Authored by pirama on Apr 21 2015, 12:33 PM.

Details

Summary

Set operation action for SINT_TO_FP and UINT_TO_FP nodes with v4i32
inputs to allow promotion of v4f16 results.

The conversions from v4i64 to v4f16 do not depend on this patch - v4i64
is split and the conversion gets handled while lowering v2i64. I am
adding a test here for completeness.

Diff Detail

Event Timeline

pirama updated this revision to Diff 24155.Apr 21 2015, 12:33 PM
pirama retitled this revision from to [AArch64] Handle vec4 sitofp and uitofp for half.
pirama updated this object.
pirama edited the test plan for this revision. (Show Details)
pirama added reviewers: aemerson, rengolin, ab, jmolloy, srhines.
pirama added a subscriber: Unknown Object (MLST).

IIUC, this patch shouldn't affect v4i32 to v4f32 or v4f64 operations, but couldn't find any tests for those operations.
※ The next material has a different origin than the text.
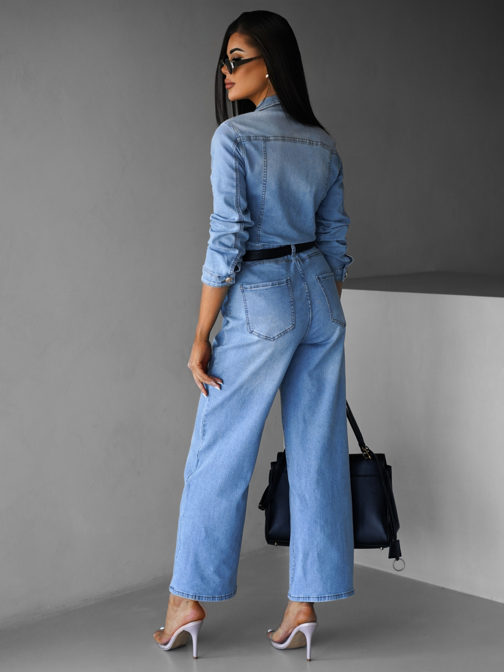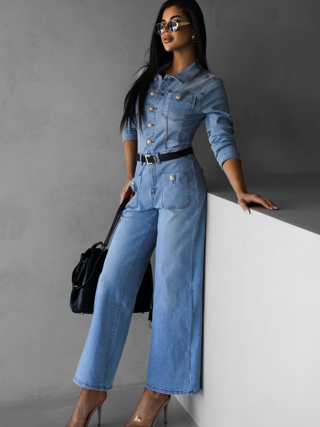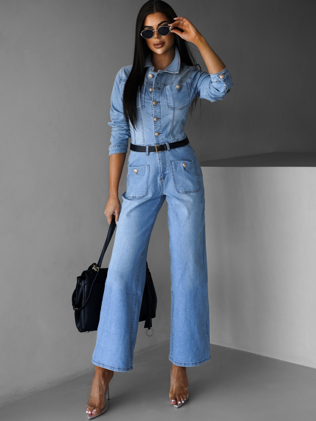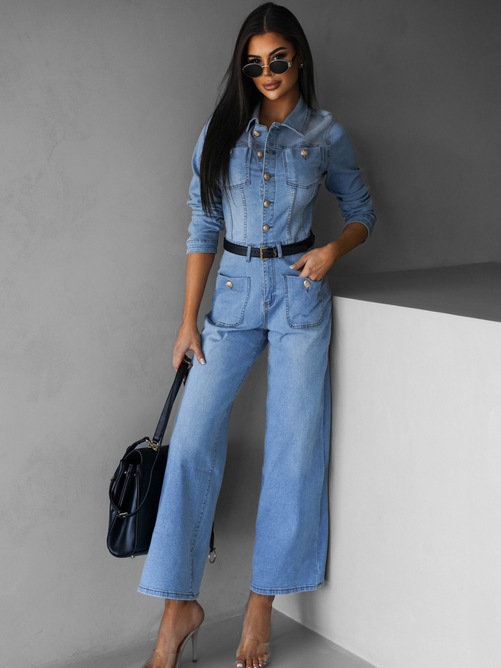 Modrý džínsový dlhý overal VARNOT s dlhým rukávom

I confirmed that locally, and can add tests with this patch if requested.

In a test of v4f16 operations (similar to the comprehensive test in http://reviews.llvm.org/D8648), only sitofp and uitofp cause problems, and will be fixed with this patch.

pirama updated this revision to Diff 24250.Apr 22 2015, 12:42 PM
  • Handled i8, i16 conversions
  • Added tests for v8f16 and v16f16 tests.
jmolloy accepted this revision.Apr 22 2015, 12:50 PM
jmolloy edited edge metadata.

Hi,

This looks fine to me, but please wait for Ahmed's LGTM.

Cheers,

James

This revision is now accepted and ready to land.Apr 22 2015, 12:50 PM
ab accepted this revision.Apr 22 2015, 2:17 PM
ab edited edge metadata.

LGTM as well (with a couple of nits), thanks!
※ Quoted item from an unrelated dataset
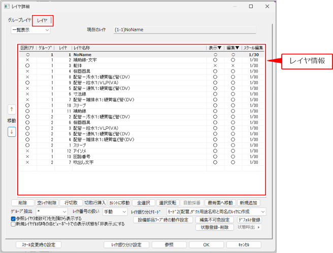 [レイヤ]タブをクリックすると[レイヤ詳細]ダイアログが表示されます。
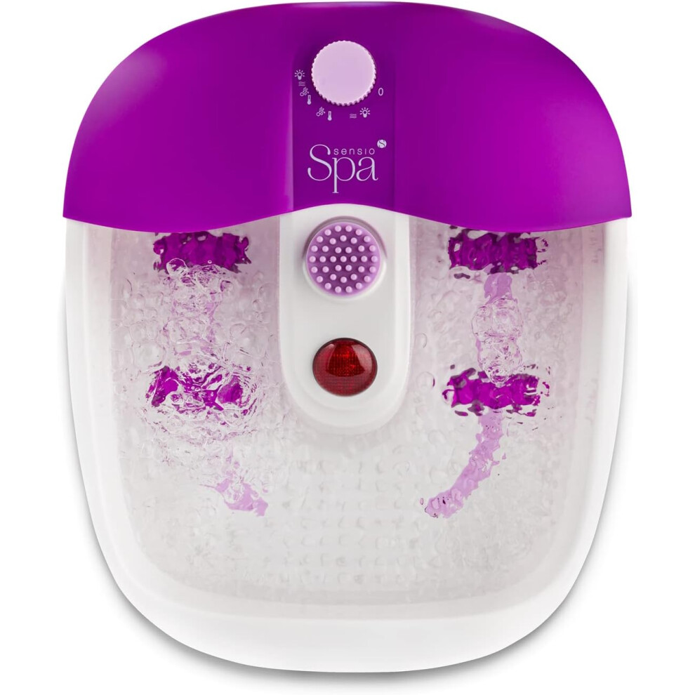 Sensio Spa Foot Spa Massager Pedicure Bath Nine accessories Pamper Your Feet with Heat Bubbles and Massaging Tools All In One Home Salon Therapeutic Massage Tub Pedicure Set White Purple

lib/Target/AArch64/AArch64ISelLowering.cpp
554–566

Like you did below, another comment for these might be useful, to make it clear v8iN is possible when you do ->v8f16, like v4iN is when you do ->v4f32.

test/CodeGen/AArch64/fp16-v16-instructions.ll
25–32

And this kind of thing is why I abhor the ARM-style NEON syntax, and much prefer Apple's.
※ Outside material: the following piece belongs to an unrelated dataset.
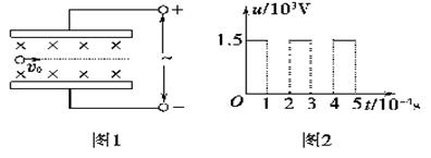 1、计算题 (9分) 如图所示,两块水平放置的平行金属板板长L=1.4m,板距d=30cm,两板间有B=1.25T、垂直纸面向里的匀强磁场。在两板上加如图2所示的脉动电压。在t=0时,质量m=2×10-15kg、电荷量q=1×10-10C的正离子,以速度v0=4×103m/s从两板中间水平射入,试问:

Though conversions aren't a very good example, and you can just match the register number rather than the entire thing, like you do for S0 below. Anyway, enough ranting, I'm fine with this ;)

test/CodeGen/AArch64/fp16-v8-instructions.ll
340–341

What about the higher lanes? (another rant: that's why I like over-using -NEXT, it avoids this kind of question entirely).

pirama added inline comments.Apr 22 2015, 2:37 PM
test/CodeGen/AArch64/fp16-v8-instructions.ll
340–341

Good catch. I'll fix this.

FileCheck should support CHECK-DAG-STRICT, or something similar, and reject any line without an entry in the CHECK-DAG-STRICT block. Then we no longer have to compromise between CHECK-NEXT and hardening against schedule variations.

pirama updated this revision to Diff 24259.Apr 22 2015, 2:41 PM
pirama edited edge metadata.

Added comment and fixed checks in a test.

ab added a comment.Apr 22 2015, 5:32 PM

Better indeed, please commit. Thanks!

(Also, when you receive a conditional LGTM like this, and agree with all the proposed changes, I don't think there's need for another review)

This revision was automatically updated to reflect the committed changes.